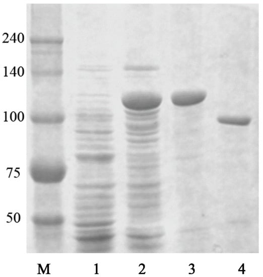 The GST-fused BglG167b protein was purified using GST-Bind agarose resin. The recombinant enzyme was purified by GST-Bind agarose resin, and then the purified protein was determined using SDS-PAGE analysis (Figure 1). The molecular mass of the GST-BglG167b calculated via an amino acid sequence was 116 kDa, which is similar to the mass detected by SDS-PAGE. In addition, the recombinant GST-BglG167b contains 36.5 ± 1.4% of total soluble proteins in the cell lysate.
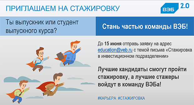 С 1 июля ВЭБ открывает свои двери для выпускников вузов и студентов выпускных курсов. В рамках 4-месячной программы они смогут пройти стажировку в инвестиционных подразделениях банка.
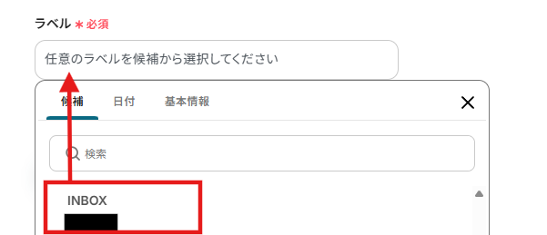 ラベルには受信したメールが含まれるラベルを候補から選択しましょう。
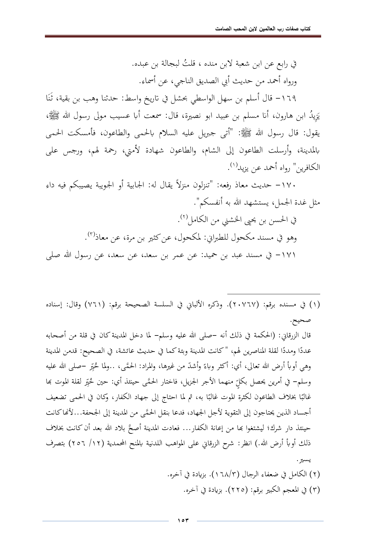 ١٦٩ - قال أسلم بن سهل الواسطي بحشل في تاريخ واسط: حدثنا وهب بن بقية، ثَنَا يَزِيدُ ابن هارون، أنا مسلم بن عبيد أبو نصيرة، قال: سمعت أبا عسيب مولى رسول الله -صلى الله عليه وسلم-، يقول: قال رسول الله -صلى الله عليه وسلم-: "أتى جبريل عليه السلام بالحمى والطاعون، فأمسكت الحمى بالمدينة، وأرسلت الطاعون إلى الشام، والطاعون شهادة لأمتي، رحمة لهم، ورجس على الكافرين" رواه أحمد عن يزيد (¬١).
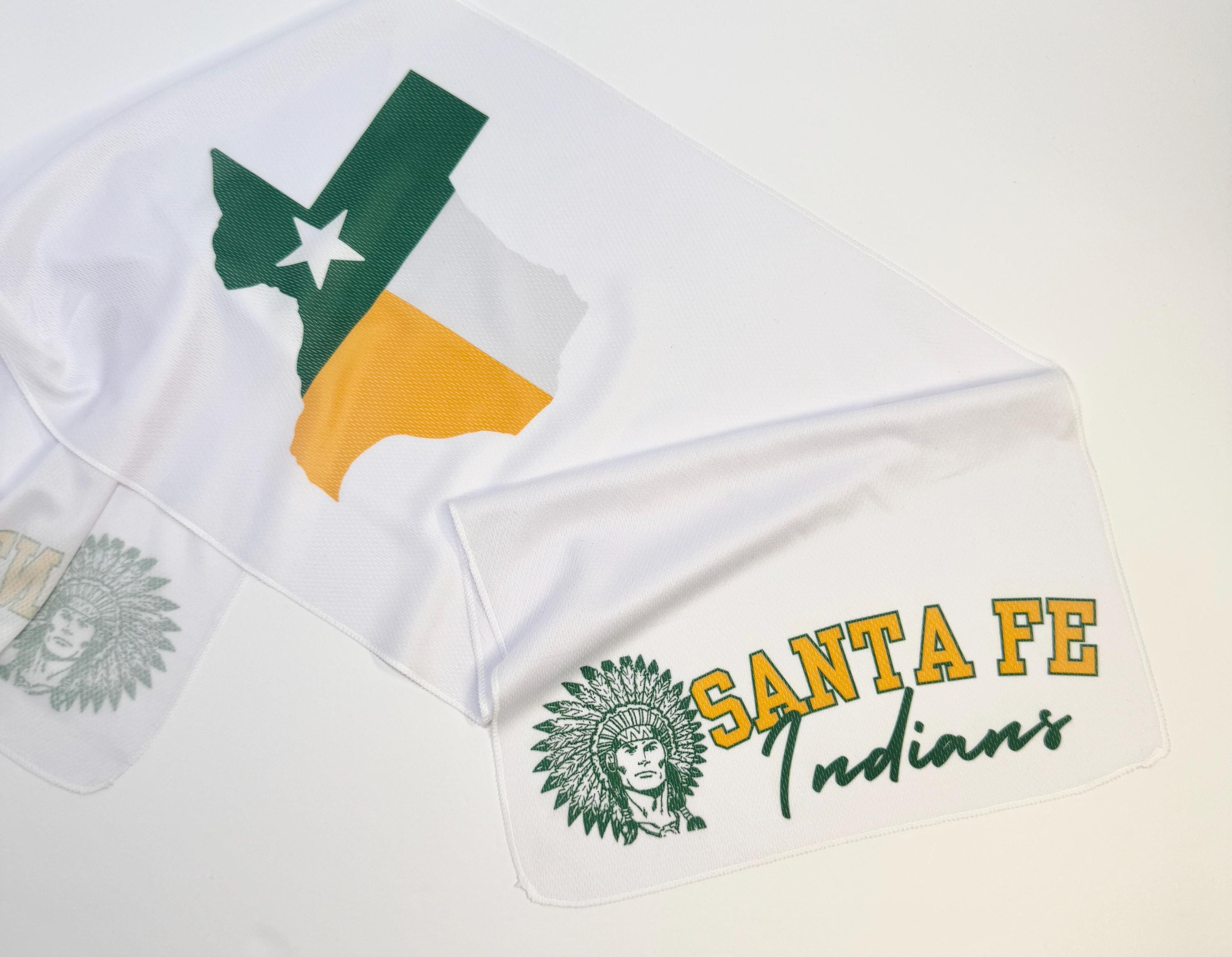 Stay cool while showing your Santa Fe spirit! This Indians cooling towel features a bold Texas outline with the school’s colors and logo, making it perfect for games, workouts, or any outdoor activity. Simply wet, wring, and snap to enjoy instant cooling relief while representing your team.
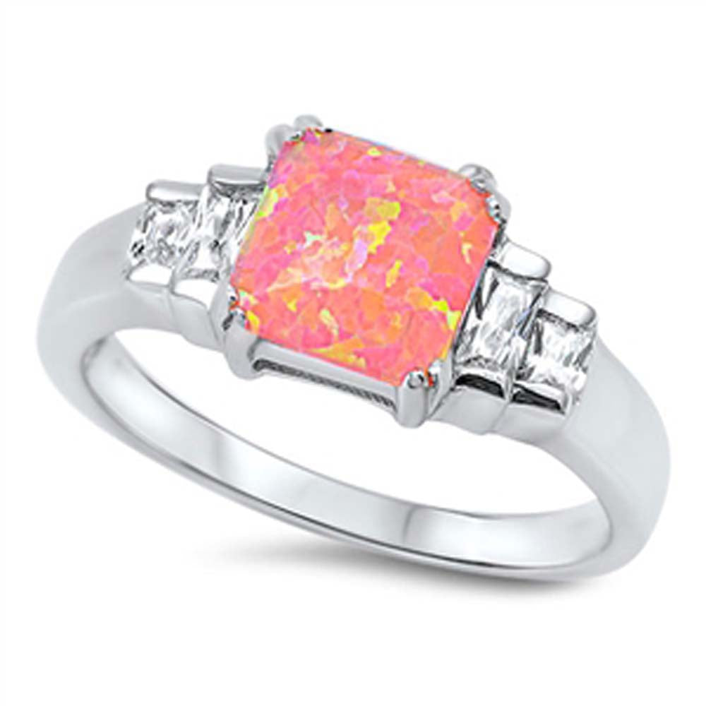 Sterling Silver Square Shape Pink Lab Opal Rings With CZ StonesAnd Face Height 7mm
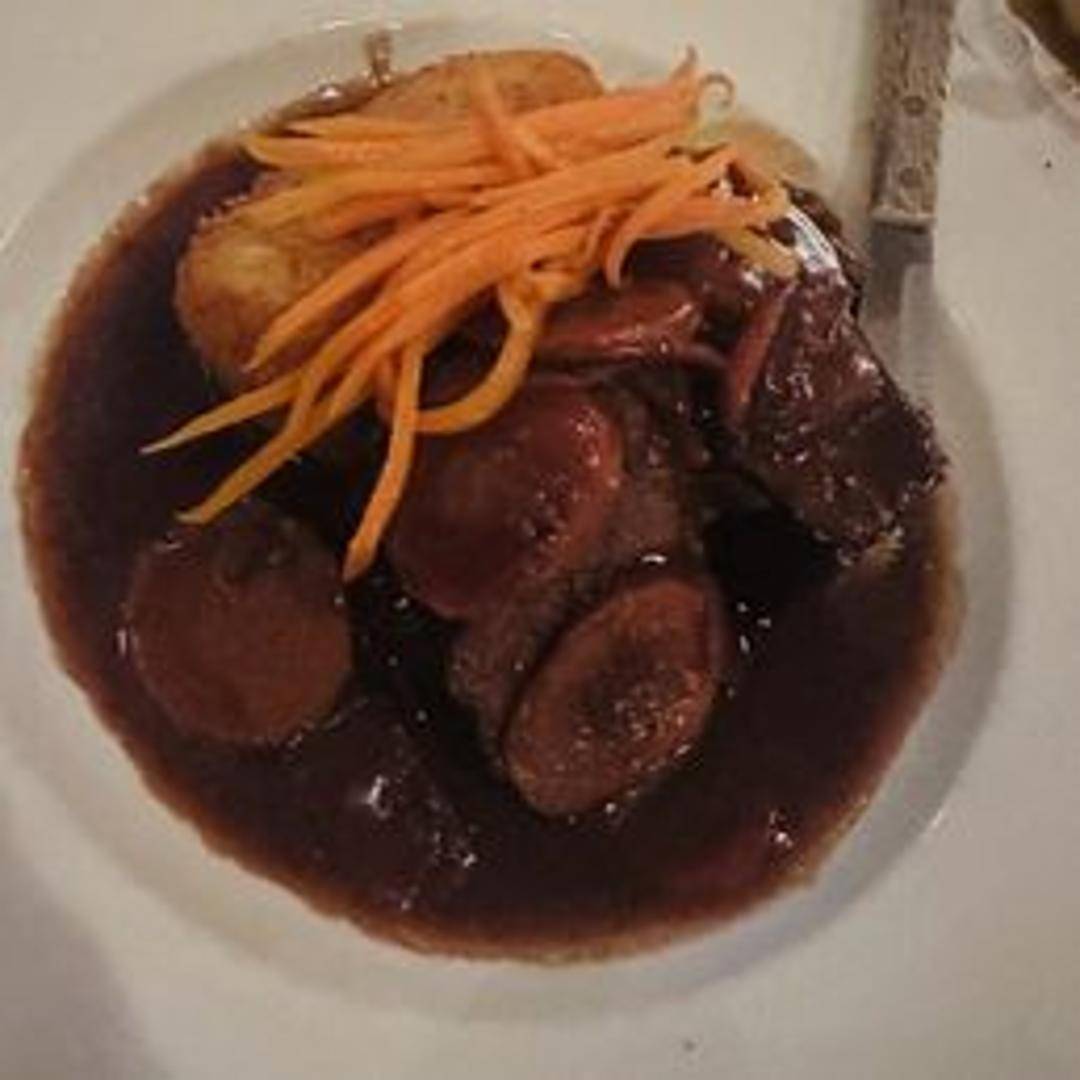 Slow-braised short ribs, fork-tender and flavorful, in a rich jus. Served with seasonal vegetables and creamy polenta.

*DESCRIPTION OF THE TASK*
With the pictures excluded, restate the material exactly as it stands.

*RESPONSE TO THIS EXERCISE*
 The GST-fused BglG167b protein was purified using GST-Bind agarose resin. The recombinant enzyme was purified by GST-Bind agarose resin, and then the purified protein was determined using SDS-PAGE analysis (Figure 1). The molecular mass of the GST-BglG167b calculated via an amino acid sequence was 116 kDa, which is similar to the mass detected by SDS-PAGE. In addition, the recombinant GST-BglG167b contains 36.5 ± 1.4% of total soluble proteins in the cell lysate.
 С 1 июля ВЭБ открывает свои двери для выпускников вузов и студентов выпускных курсов. В рамках 4-месячной программы они смогут пройти стажировку в инвестиционных подразделениях банка.
 ラベルには受信したメールが含まれるラベルを候補から選択しましょう。
 ١٦٩ - قال أسلم بن سهل الواسطي بحشل في تاريخ واسط: حدثنا وهب بن بقية، ثَنَا يَزِيدُ ابن هارون، أنا مسلم بن عبيد أبو نصيرة، قال: سمعت أبا عسيب مولى رسول الله -صلى الله عليه وسلم-، يقول: قال رسول الله -صلى الله عليه وسلم-: "أتى جبريل عليه السلام بالحمى والطاعون، فأمسكت الحمى بالمدينة، وأرسلت الطاعون إلى الشام، والطاعون شهادة لأمتي، رحمة لهم، ورجس على الكافرين" رواه أحمد عن يزيد (¬١).
 Stay cool while showing your Santa Fe spirit! This Indians cooling towel features a bold Texas outline with the school’s colors and logo, making it perfect for games, workouts, or any outdoor activity. Simply wet, wring, and snap to enjoy instant cooling relief while representing your team.
 Sterling Silver Square Shape Pink Lab Opal Rings With CZ StonesAnd Face Height 7mm
 Slow-braised short ribs, fork-tender and flavorful, in a rich jus. Served with seasonal vegetables and creamy polenta.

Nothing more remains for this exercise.